## Required action
Leave out the pictures and transcribe the rest of the records exactly.

## Records shown
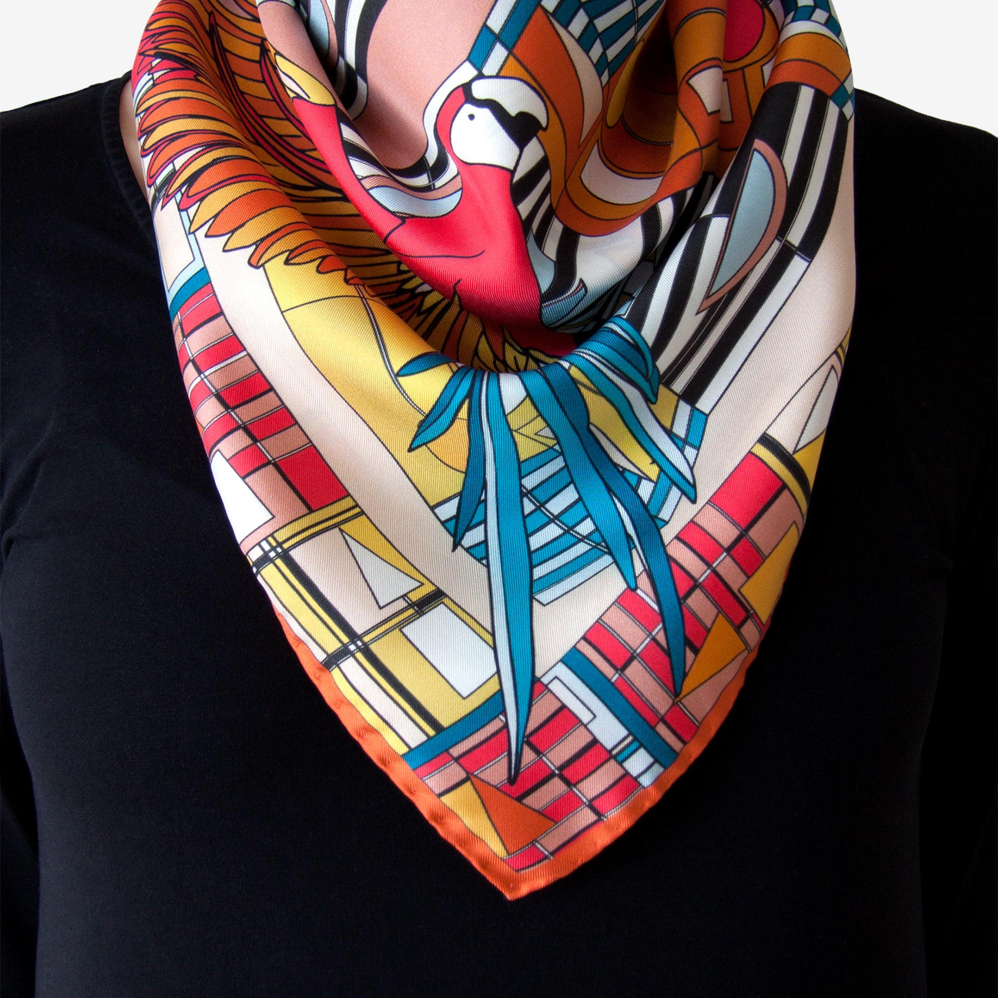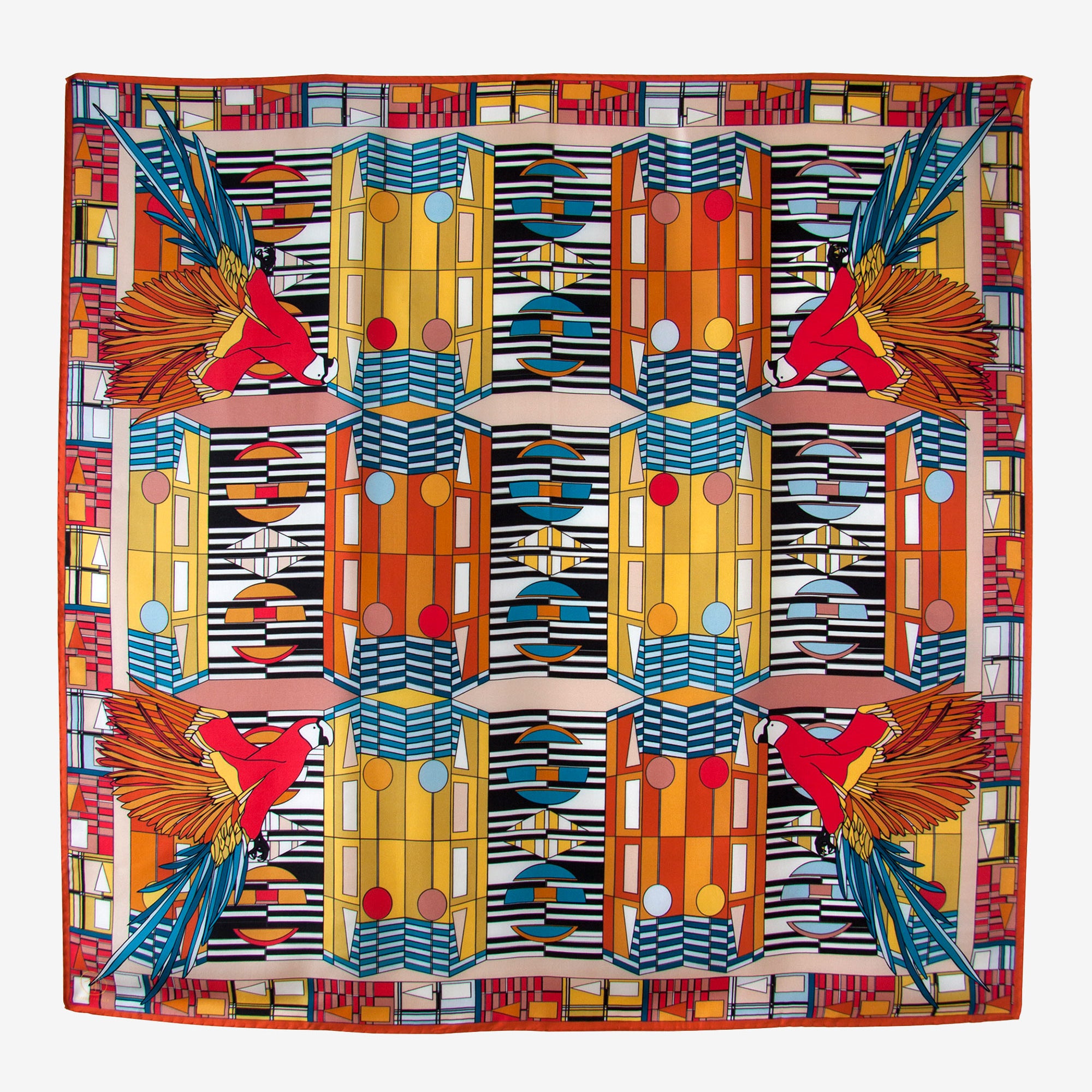Printed on a classic 90x90cm square of luxurious silk twill and crafted in Italy, this scarf combines a crisp, elegant drape with vibrant, lasting color — perfect for neck, hair, or as a statement accessory.
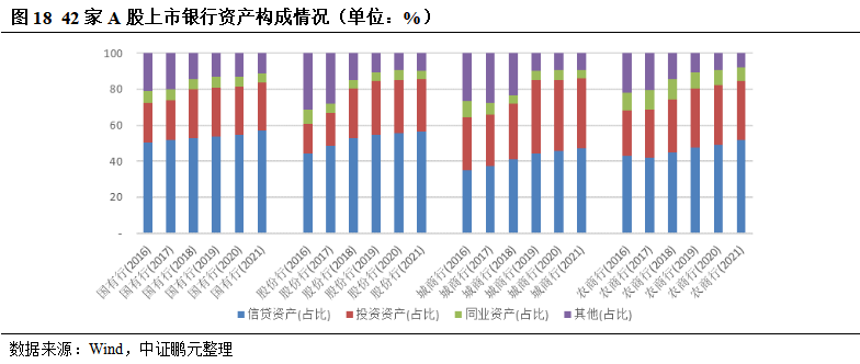 投资资产在上市银行资产配置中具有重要地位,对银行投资管理能力提出考验;大型商业银行投资风格较为稳健,股份制商业银行和城商行投资业务开展力度更大、配置更为多元
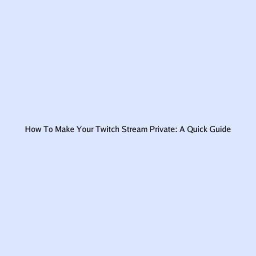 How To Make Your Twitch Stream Private: A Quick Guide
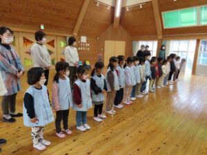 最後にみんなで集まって感想を交流しました。「すべりだいがたのしかったです。」
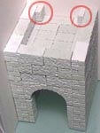 At this point I discovered a problem. It appears that the arch pieces are too short and leave a gap under them. After some thorough searching I discovered what the problem was. It also happened to me on the Wizard's Tower's arrow slits. When you scrape off the blocks (while casting), they end up a little taller than they should. All of my original blocks measure exact within 1/1000th of an inch. But depending on how hard you scrape off the mold, their height can change. Usually you don't notice it because you build with the flat side of the block down. Since all of the blocks are too high by the same amount, they line up straight. But when you turn a flat block on its side, it doesn't have the height increase and appears short. To remedy this, you might sand down one of the longer flat blocks to fit (where the green ones are). Make them a little taller to fill the gap. For this model, I cut a piece of thick card stock and glued it in the gap later on. |
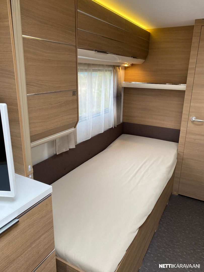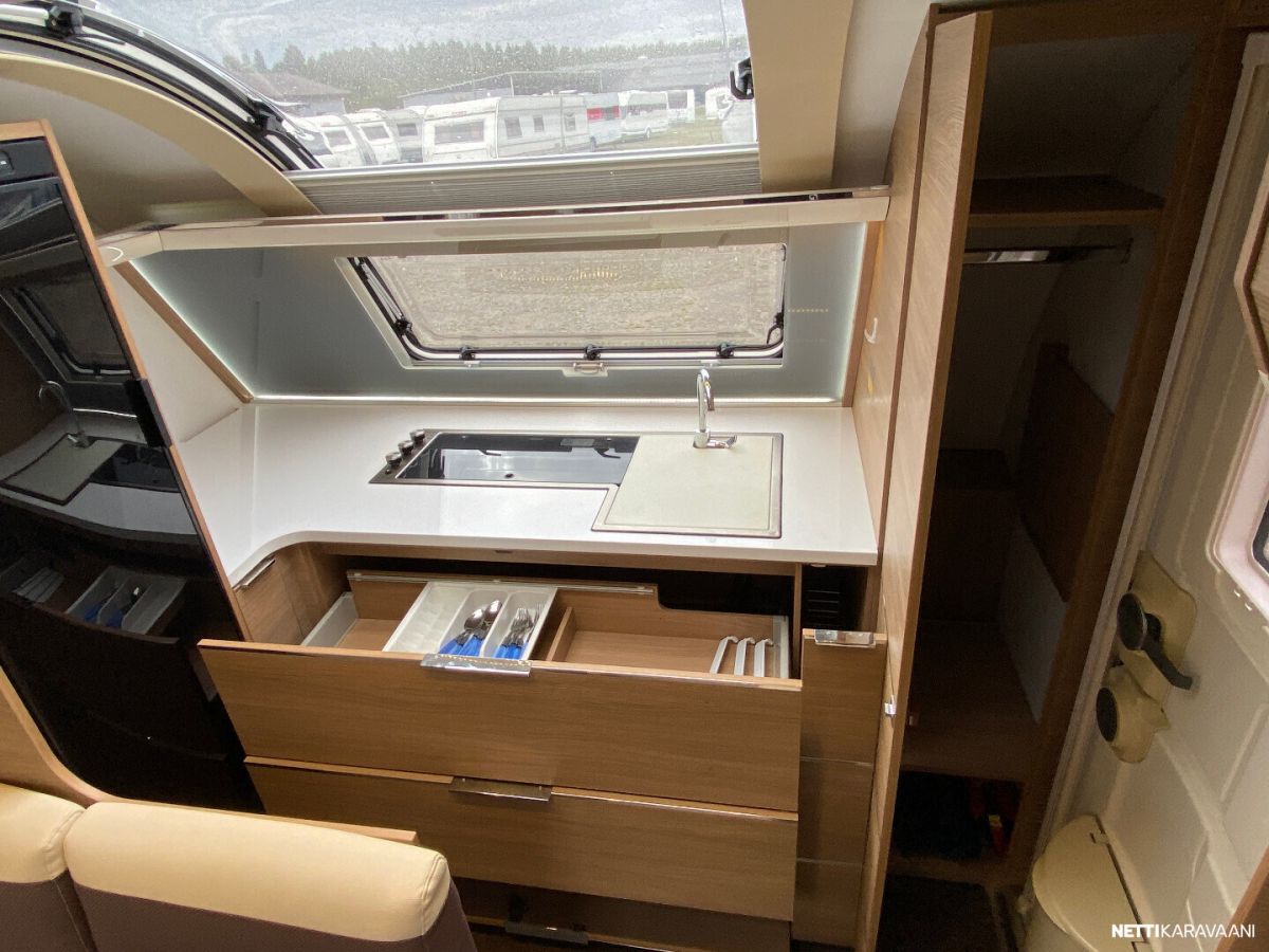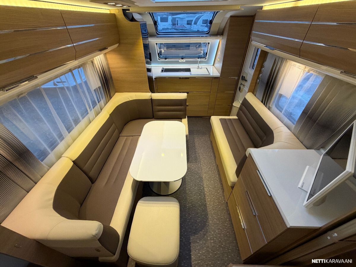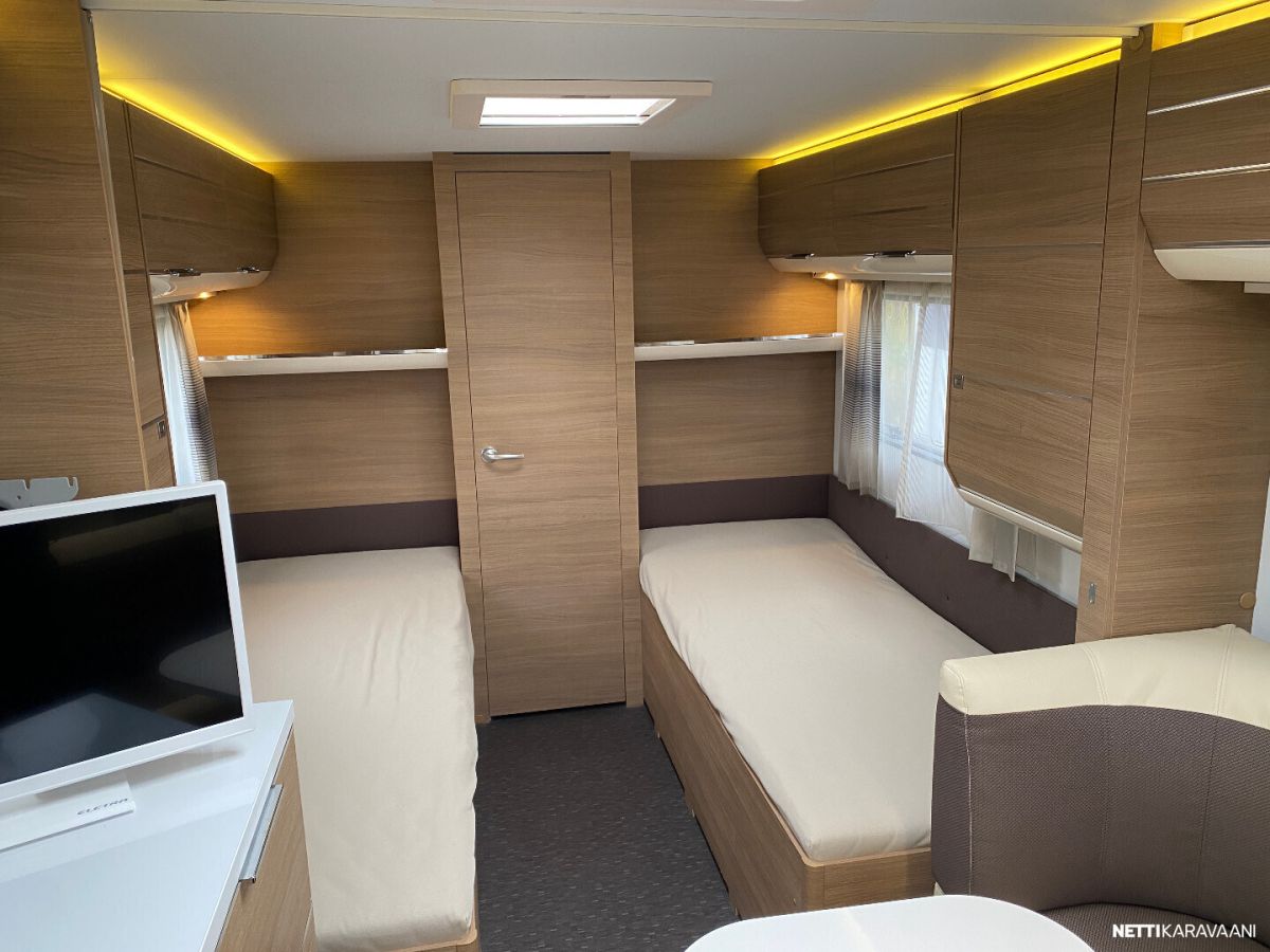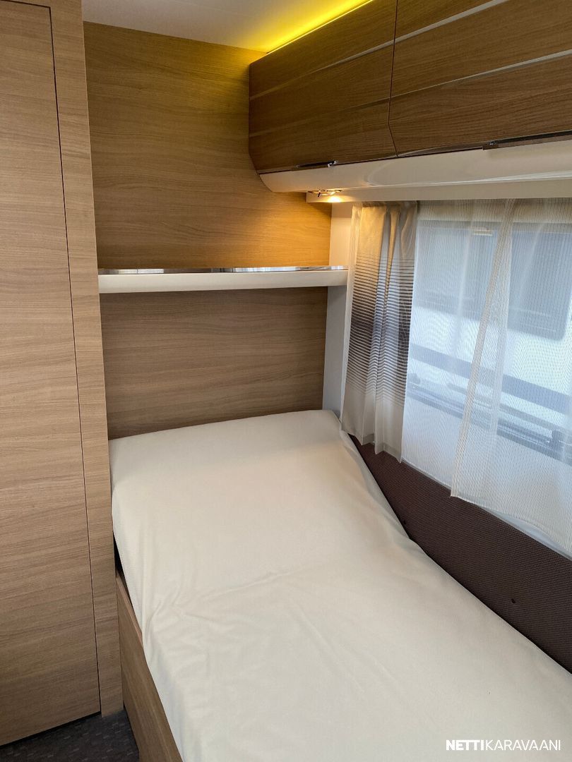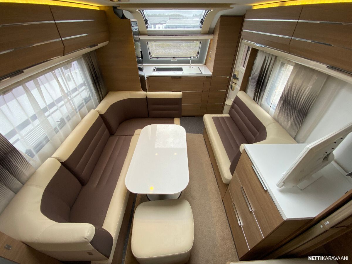 Alde-nestekeskuslämmitys, sähköpatruuna, sähkö lattialämmitys, lämmin vesi, iso jää-/pakastinkaappi, mikro, kiinteä raikasvesisäiliö, takakylppäri, kasettiverhot, kirkas kattoluukku, akku-/laturivarustus, tv- antenni, radio/cd, mattosarja, jalkarahi, kitkavetopää, vetoaisan suojamuovi, hyttysverkko-ovi, alumiinivanteet, kaasupullo, ym...
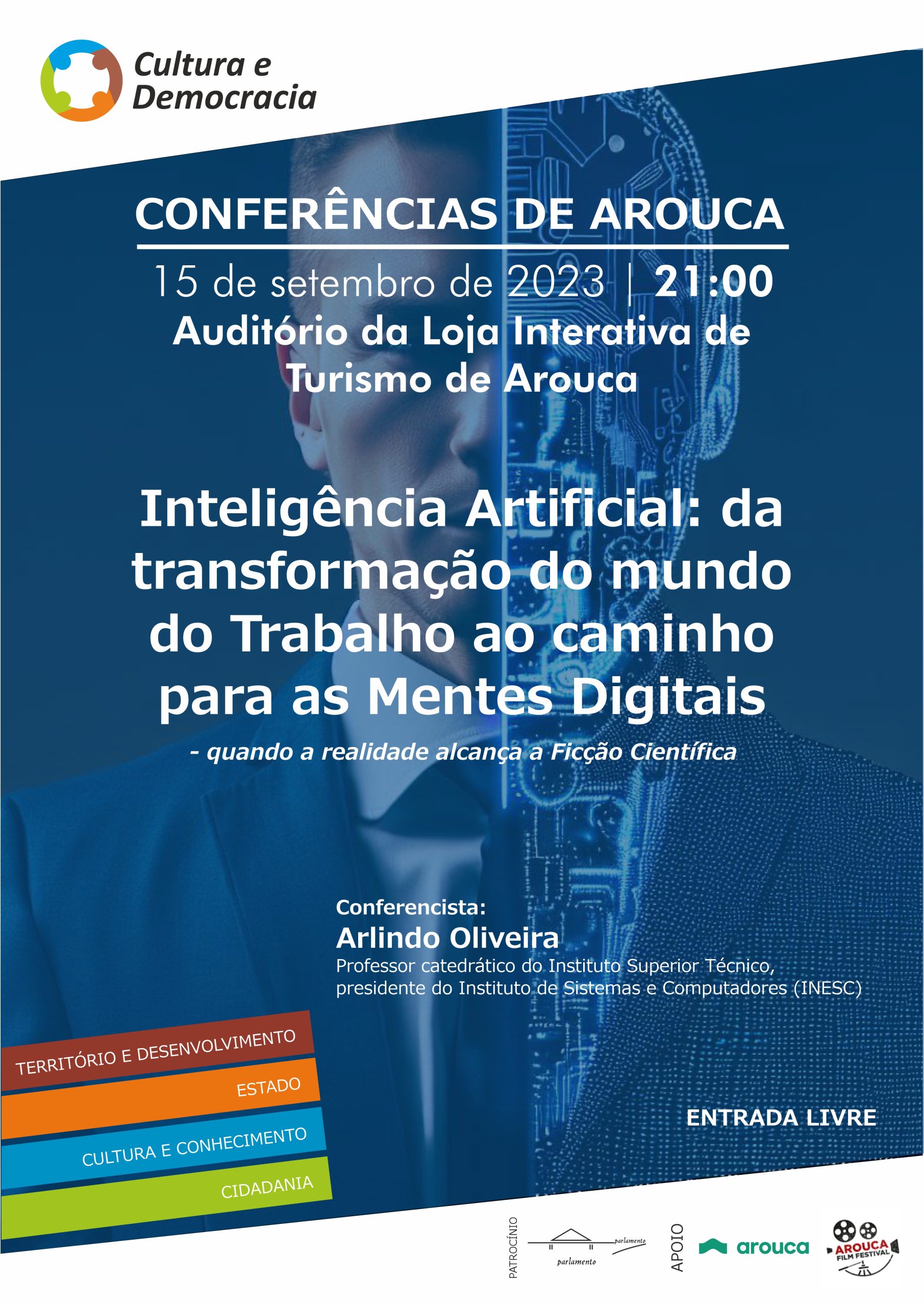 No próximo dia 15 de setembro, por volta das 21h00, o Círculo Cultura e Democracia irá promover nova sessão das “Conferências de Arouca”. O professor Arlindo Oliveira, catedrático do IST, presidente do INESC e especialista em tecnologias de IA, irá falar sobre o tema Inteligência Artificial: da transformação do mundo do Trabalho ao caminho para as Mentes Digitais – quando a realidade alcança a ficção científica.
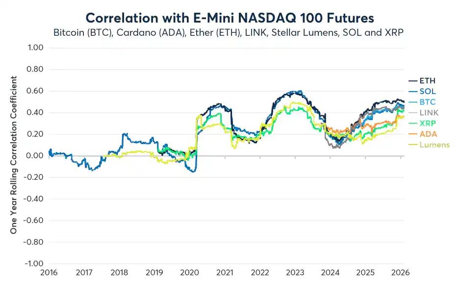 CME 그룹의 연구에 따르면 암호화폐 자산과 나스닥 100 지수 간의 상관관계는 2020년 이후 지속적으로 양의 상관관계를 보여왔으며, 2025년과 2026년 초 특정 기간에는 이동 상관계수가 약 +0.35에서 +0.6에 이를 수 있다고 합니다(분명히 일시적인 현상이며, 지속적인 것은 아닙니다).
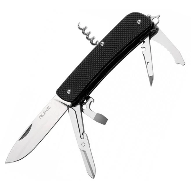 Складні ножі бренду Ruike, що належать до серії «L», зокрема модель L31 були створені з розрахунком на те, щоб при мінімальних габаритах вмістити в корпусі як можна більше інструментів. Варто відзначити, що завдяки старанням інженерів і конструкторів, модель L31 має на «борту» 9 інструментів. Всі вони виконані із загартованої нержавіючої сталі Шведського бренду Sandvik з маркуванням 12С27.Крім клинка з прямою заточкою, модель Ruike L31 також має подгруженные ножиці, невелике лезо з хвилеподібною заточкою, викрутку з прямим шліцом, поєднану з відкривачкою, багатофункціональний шило, відкидне вушко для кріплення темляка, штопор, склобій, а також знімні щипці, «заховані» в одній з «пластин» рукояті.
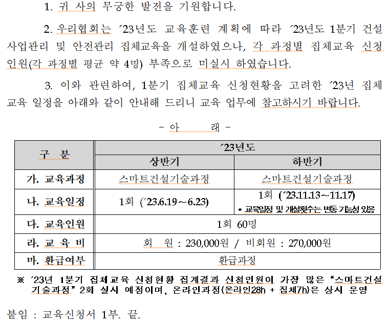 Çѱ¹°Ç¼³¿£Áö´Ï¾î¸µÇùȸ¿¡¼ ¾Ë·Áµå¸³´Ï´Ù.| ¡®23³âµµ °Ç¼³»ç¾÷°ü¸® Áýü±³À° ÀÏÁ¤ º¯°æ ¾È³» |
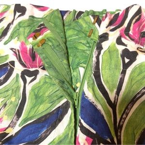 Beautiful and bold Aje Eden Paperbag Shorts featuring a hand-painted floral print in green, pink, blue, and black. Crafted from 100% linen, these shorts have a structured silhouette with cuffed hems and a flattering paperbag waist. A standout summer piece from the cult-favorite Australian designer brand.
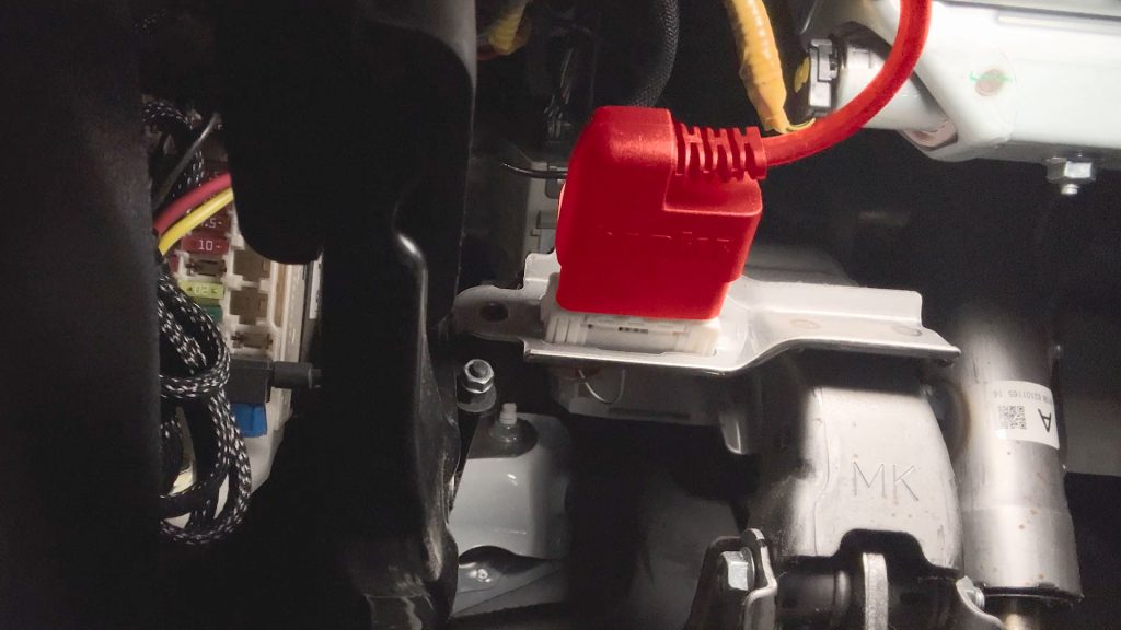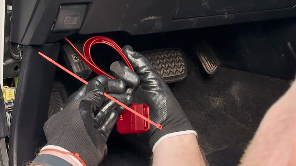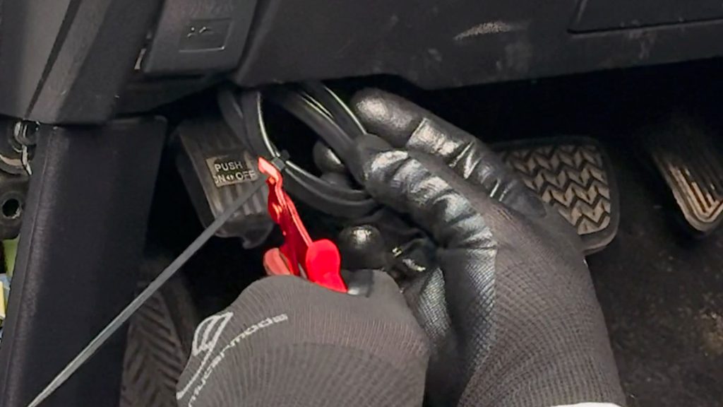 26. Back under the dashboard, coil up the extra length of OBD-II cable, and secure it with a zip-tie.

## Answer space
Printed on a classic 90x90cm square of luxurious silk twill and crafted in Italy, this scarf combines a crisp, elegant drape with vibrant, lasting color — perfect for neck, hair, or as a statement accessory.
 投资资产在上市银行资产配置中具有重要地位,对银行投资管理能力提出考验;大型商业银行投资风格较为稳健,股份制商业银行和城商行投资业务开展力度更大、配置更为多元
 How To Make Your Twitch Stream Private: A Quick Guide
 最後にみんなで集まって感想を交流しました。「すべりだいがたのしかったです。」
 At this point I discovered a problem. It appears that the arch pieces are too short and leave a gap under them. After some thorough searching I discovered what the problem was. It also happened to me on the Wizard's Tower's arrow slits. When you scrape off the blocks (while casting), they end up a little taller than they should. All of my original blocks measure exact within 1/1000th of an inch. But depending on how hard you scrape off the mold, their height can change. Usually you don't notice it because you build with the flat side of the block down. Since all of the blocks are too high by the same amount, they line up straight. But when you turn a flat block on its side, it doesn't have the height increase and appears short. To remedy this, you might sand down one of the longer flat blocks to fit (where the green ones are). Make them a little taller to fill the gap. For this model, I cut a piece of thick card stock and glued it in the gap later on. |
 Alde-nestekeskuslämmitys, sähköpatruuna, sähkö lattialämmitys, lämmin vesi, iso jää-/pakastinkaappi, mikro, kiinteä raikasvesisäiliö, takakylppäri, kasettiverhot, kirkas kattoluukku, akku-/laturivarustus, tv- antenni, radio/cd, mattosarja, jalkarahi, kitkavetopää, vetoaisan suojamuovi, hyttysverkko-ovi, alumiinivanteet, kaasupullo, ym...
 No próximo dia 15 de setembro, por volta das 21h00, o Círculo Cultura e Democracia irá promover nova sessão das “Conferências de Arouca”. O professor Arlindo Oliveira, catedrático do IST, presidente do INESC e especialista em tecnologias de IA, irá falar sobre o tema Inteligência Artificial: da transformação do mundo do Trabalho ao caminho para as Mentes Digitais – quando a realidade alcança a ficção científica.
 CME 그룹의 연구에 따르면 암호화폐 자산과 나스닥 100 지수 간의 상관관계는 2020년 이후 지속적으로 양의 상관관계를 보여왔으며, 2025년과 2026년 초 특정 기간에는 이동 상관계수가 약 +0.35에서 +0.6에 이를 수 있다고 합니다(분명히 일시적인 현상이며, 지속적인 것은 아닙니다).
 Складні ножі бренду Ruike, що належать до серії «L», зокрема модель L31 були створені з розрахунком на те, щоб при мінімальних габаритах вмістити в корпусі як можна більше інструментів. Варто відзначити, що завдяки старанням інженерів і конструкторів, модель L31 має на «борту» 9 інструментів. Всі вони виконані із загартованої нержавіючої сталі Шведського бренду Sandvik з маркуванням 12С27.Крім клинка з прямою заточкою, модель Ruike L31 також має подгруженные ножиці, невелике лезо з хвилеподібною заточкою, викрутку з прямим шліцом, поєднану з відкривачкою, багатофункціональний шило, відкидне вушко для кріплення темляка, штопор, склобій, а також знімні щипці, «заховані» в одній з «пластин» рукояті.
 Çѱ¹°Ç¼³¿£Áö´Ï¾î¸µÇùȸ¿¡¼ ¾Ë·Áµå¸³´Ï´Ù.| ¡®23³âµµ °Ç¼³»ç¾÷°ü¸® Áýü±³À° ÀÏÁ¤ º¯°æ ¾È³» |
 Beautiful and bold Aje Eden Paperbag Shorts featuring a hand-painted floral print in green, pink, blue, and black. Crafted from 100% linen, these shorts have a structured silhouette with cuffed hems and a flattering paperbag waist. A standout summer piece from the cult-favorite Australian designer brand.
 26. Back under the dashboard, coil up the extra length of OBD-II cable, and secure it with a zip-tie.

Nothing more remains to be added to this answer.